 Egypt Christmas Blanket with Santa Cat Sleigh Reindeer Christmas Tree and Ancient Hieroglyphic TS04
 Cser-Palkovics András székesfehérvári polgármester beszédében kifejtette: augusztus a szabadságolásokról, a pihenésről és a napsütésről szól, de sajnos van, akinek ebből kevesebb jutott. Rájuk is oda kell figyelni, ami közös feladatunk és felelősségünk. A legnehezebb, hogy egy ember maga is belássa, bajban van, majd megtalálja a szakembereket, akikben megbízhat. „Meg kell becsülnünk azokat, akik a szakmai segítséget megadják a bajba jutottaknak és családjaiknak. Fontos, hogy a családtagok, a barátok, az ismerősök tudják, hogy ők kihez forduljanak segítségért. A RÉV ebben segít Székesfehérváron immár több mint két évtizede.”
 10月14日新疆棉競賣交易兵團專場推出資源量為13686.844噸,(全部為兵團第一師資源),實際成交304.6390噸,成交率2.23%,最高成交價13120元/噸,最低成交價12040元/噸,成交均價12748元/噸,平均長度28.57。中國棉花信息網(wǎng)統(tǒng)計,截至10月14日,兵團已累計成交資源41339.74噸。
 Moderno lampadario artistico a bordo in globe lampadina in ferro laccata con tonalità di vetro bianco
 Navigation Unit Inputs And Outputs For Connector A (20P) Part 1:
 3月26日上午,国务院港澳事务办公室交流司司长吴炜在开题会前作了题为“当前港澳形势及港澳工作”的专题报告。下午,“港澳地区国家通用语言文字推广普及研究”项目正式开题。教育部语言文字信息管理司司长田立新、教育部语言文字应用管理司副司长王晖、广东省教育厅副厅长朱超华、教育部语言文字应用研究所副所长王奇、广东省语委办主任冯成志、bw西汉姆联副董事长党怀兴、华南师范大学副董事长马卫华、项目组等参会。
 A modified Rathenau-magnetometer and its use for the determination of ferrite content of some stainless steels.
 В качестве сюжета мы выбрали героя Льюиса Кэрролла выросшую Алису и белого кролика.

------------------------------------------------------------------------

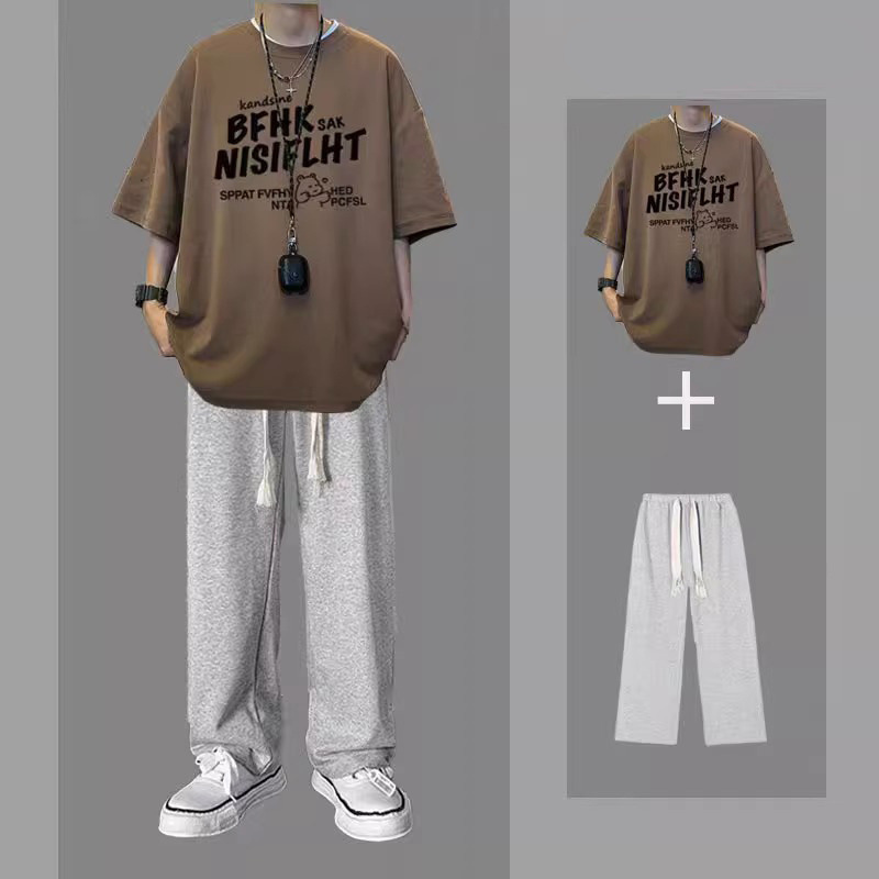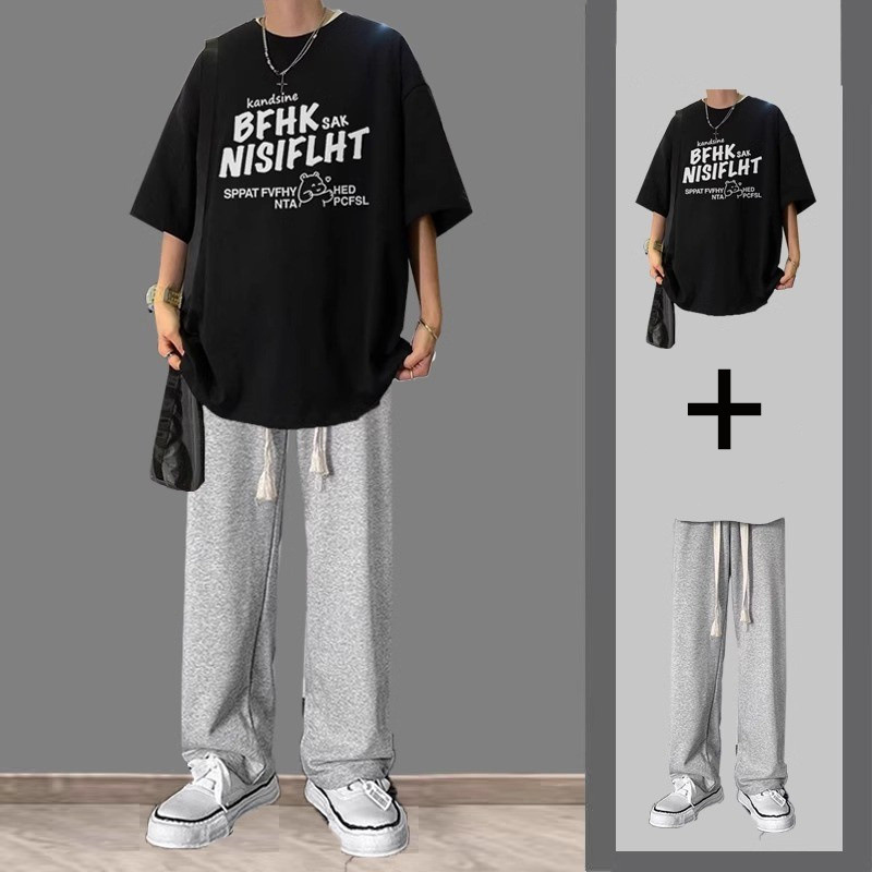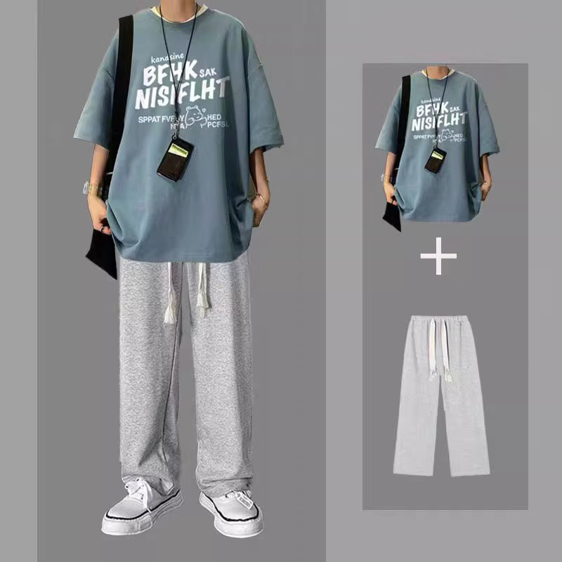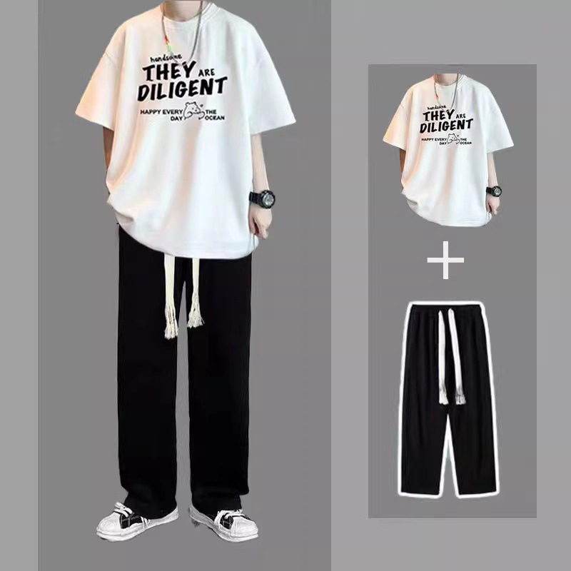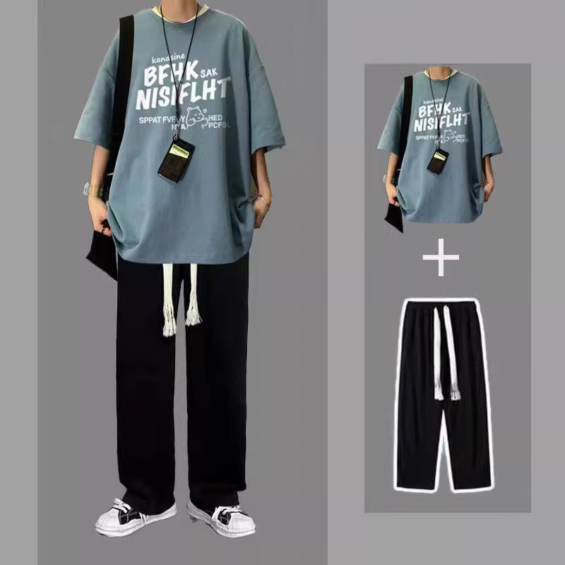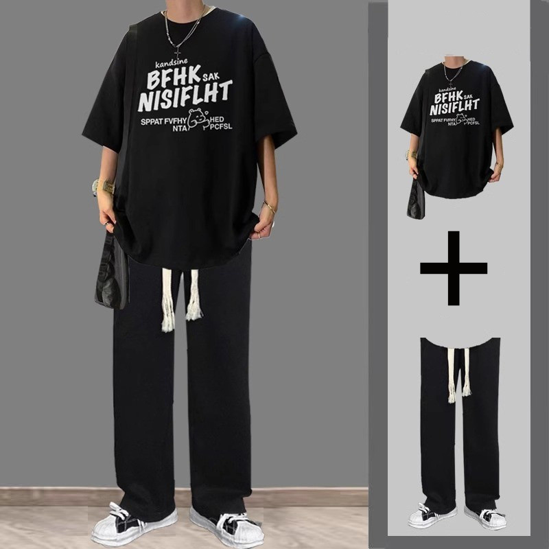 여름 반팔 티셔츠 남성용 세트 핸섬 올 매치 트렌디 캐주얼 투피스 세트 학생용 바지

------------------------------------------------------------------------

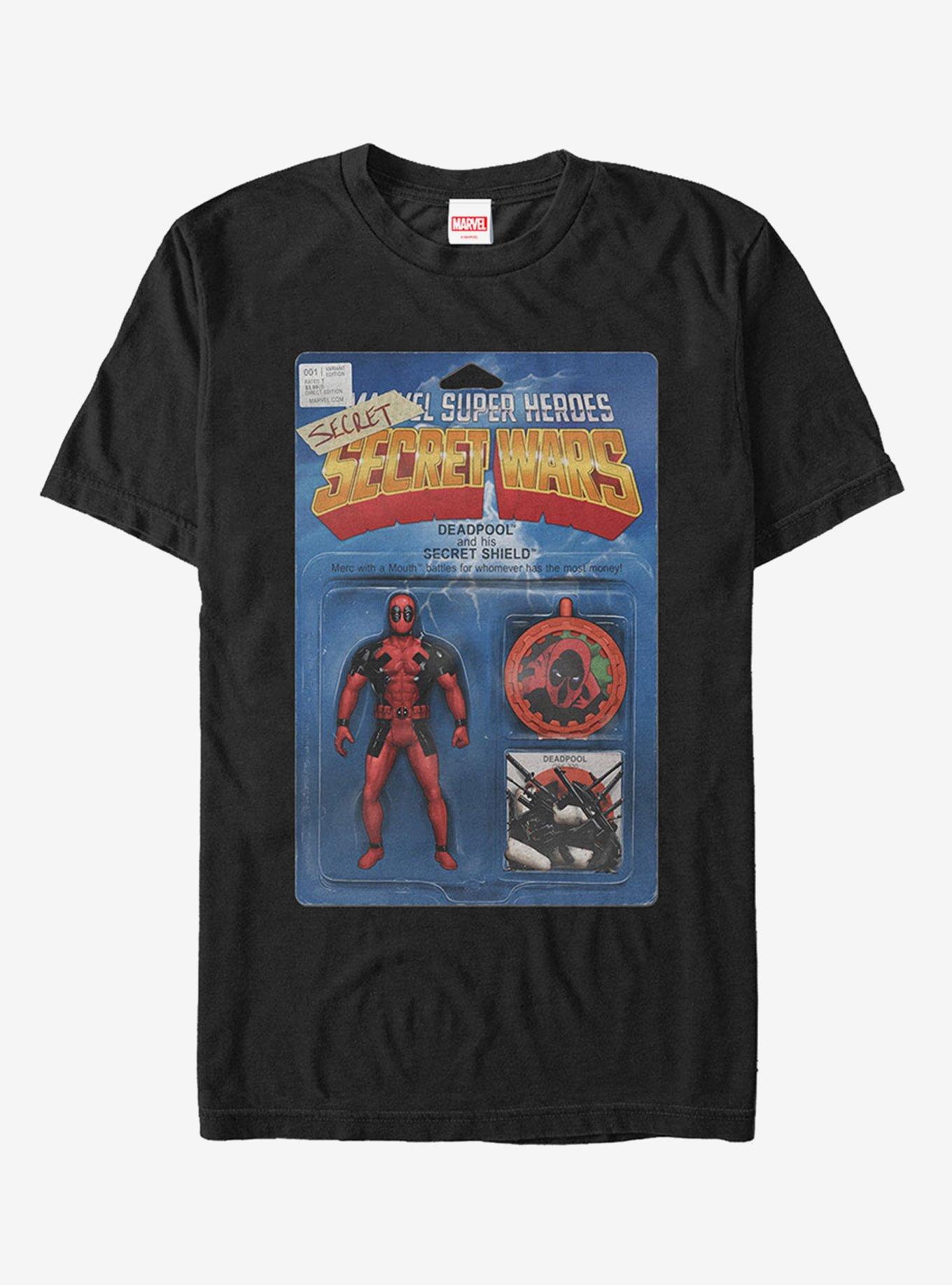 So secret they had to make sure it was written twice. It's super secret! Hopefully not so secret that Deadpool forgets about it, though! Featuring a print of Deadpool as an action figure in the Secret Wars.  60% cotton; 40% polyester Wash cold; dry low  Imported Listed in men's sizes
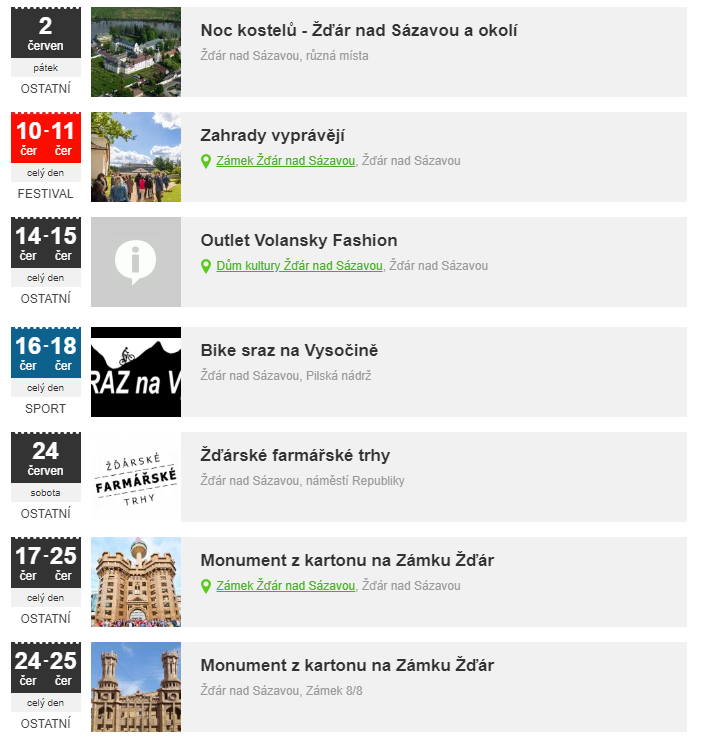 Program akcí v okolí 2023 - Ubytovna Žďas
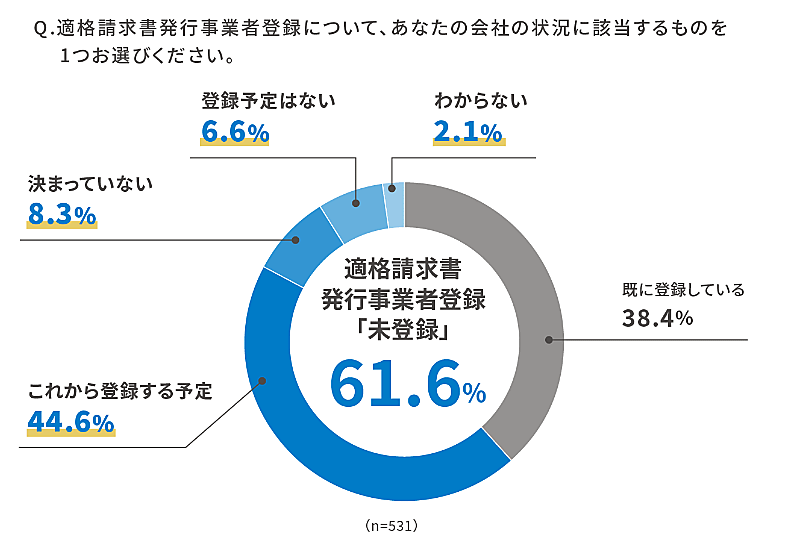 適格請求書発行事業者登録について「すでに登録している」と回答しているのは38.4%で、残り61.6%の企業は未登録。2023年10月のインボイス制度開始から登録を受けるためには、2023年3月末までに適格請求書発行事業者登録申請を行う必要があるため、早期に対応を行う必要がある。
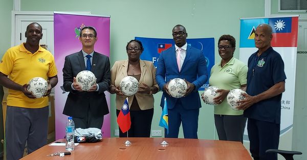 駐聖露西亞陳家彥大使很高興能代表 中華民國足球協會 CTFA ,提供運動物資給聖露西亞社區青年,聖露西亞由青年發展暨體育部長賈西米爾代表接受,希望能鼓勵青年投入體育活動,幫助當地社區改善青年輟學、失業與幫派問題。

------------------------------------------------------------------------

Using the records above, print exactly the lines between the ones containing "So secret they" and "駐聖露西亞陳家彥大使很高興能代表 中華民國足球協會 CTFA", inclusive, and nothing else; no pictures.

**Your response:**
 So secret they had to make sure it was written twice. It's super secret! Hopefully not so secret that Deadpool forgets about it, though! Featuring a print of Deadpool as an action figure in the Secret Wars.  60% cotton; 40% polyester Wash cold; dry low  Imported Listed in men's sizes
 Program akcí v okolí 2023 - Ubytovna Žďas
 適格請求書発行事業者登録について「すでに登録している」と回答しているのは38.4%で、残り61.6%の企業は未登録。2023年10月のインボイス制度開始から登録を受けるためには、2023年3月末までに適格請求書発行事業者登録申請を行う必要があるため、早期に対応を行う必要がある。
 駐聖露西亞陳家彥大使很高興能代表 中華民國足球協會 CTFA ,提供運動物資給聖露西亞社區青年,聖露西亞由青年發展暨體育部長賈西米爾代表接受,希望能鼓勵青年投入體育活動,幫助當地社區改善青年輟學、失業與幫派問題。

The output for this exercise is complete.